New Delhi, May 1 (Inditop.com) The government said it would form a team of investigators to quiz David Headley as Solicitor General Gopal Subramanium returned Saturday from a US visit that has cleared “all bottlenecks” on direct access to the Lashkar-e-Taiba (LeT)operative.

The home ministry Saturday said a team of investigators, including sleuths of the National Investigation Agency (NIA), will be set up to question Headley.

“The team will visit the US soon after it is formed. We are also preparing a set of questions to interrogate Headley and will also start the judicial process soon,” a home ministry official told Inditop.

Subramanium, who arrived from a five-day trip early Saturday, told reporters: “All bottlenecks (for access to Headley) have been removed and we have a way forward now. So it’s up to us to operationalise the plan forward.”

He said “the access should be possible” once a team of investigators is ready to interrogate Headley, who has confessed to his role in the 2008 Mumbai attack, which left 166 people dead.

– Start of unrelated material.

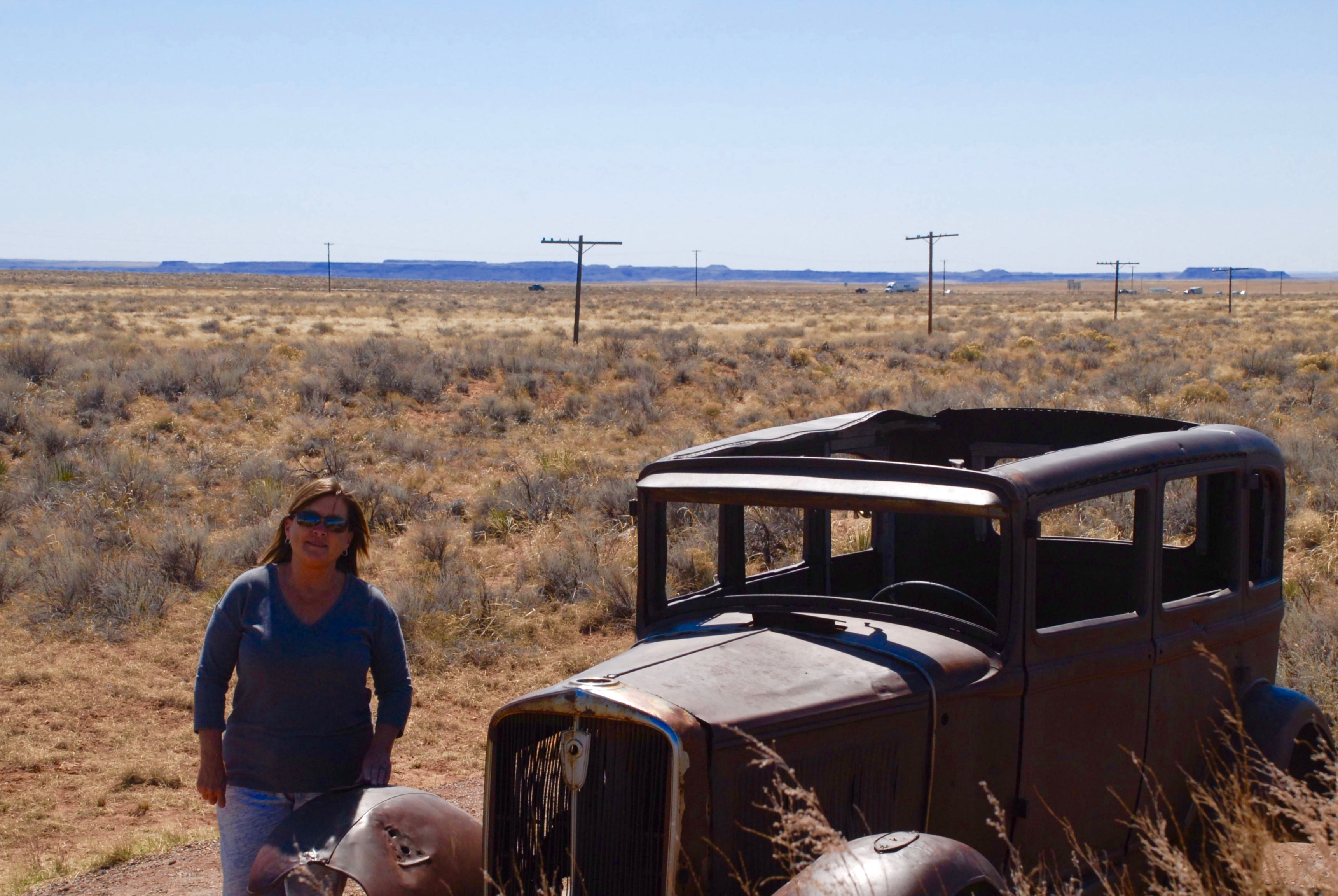 TJ next to the 1932 Cadillac on old Route 66

The top Indian law officer was appreciative of the “unstinted cooperation” from the US.

“There has been unstinted cooperation and we have had a very fruitful round of discussions between the American as well as the Indian authorities,” Subramanium said after discussing with officials of the US Justice Department, including his counterpart Eric Holder, on the modalities for interrogating Headley.

The NIA has registered a case against Headley but has not formally charged him in a court or started a judicial process against him.

Subramanium’s visit to the US was to understand the American legal system for India to get access to Headley, a Pakistani-American who had schemed with Pakistan-based LeT terrorist commanders to target India.

Headley admitted before his interrogators that he had several times conducted recce in India for the Mumbai attacks, and was also planning more strikes at vital places in India.

He was arrested from Chicago airport in October last year after which he entered into a plea bargain with the US government and agreed to cooperate and be available to foreign investigators through depositions, video conferencing or letters rogatory.

But he will be spared the death sentence and extradition to India or Denmark, where he is also alleged to have schemed terror attacks.

India wants to question Headley to know more about the LeT’s terror plot christened “Karachi Project”.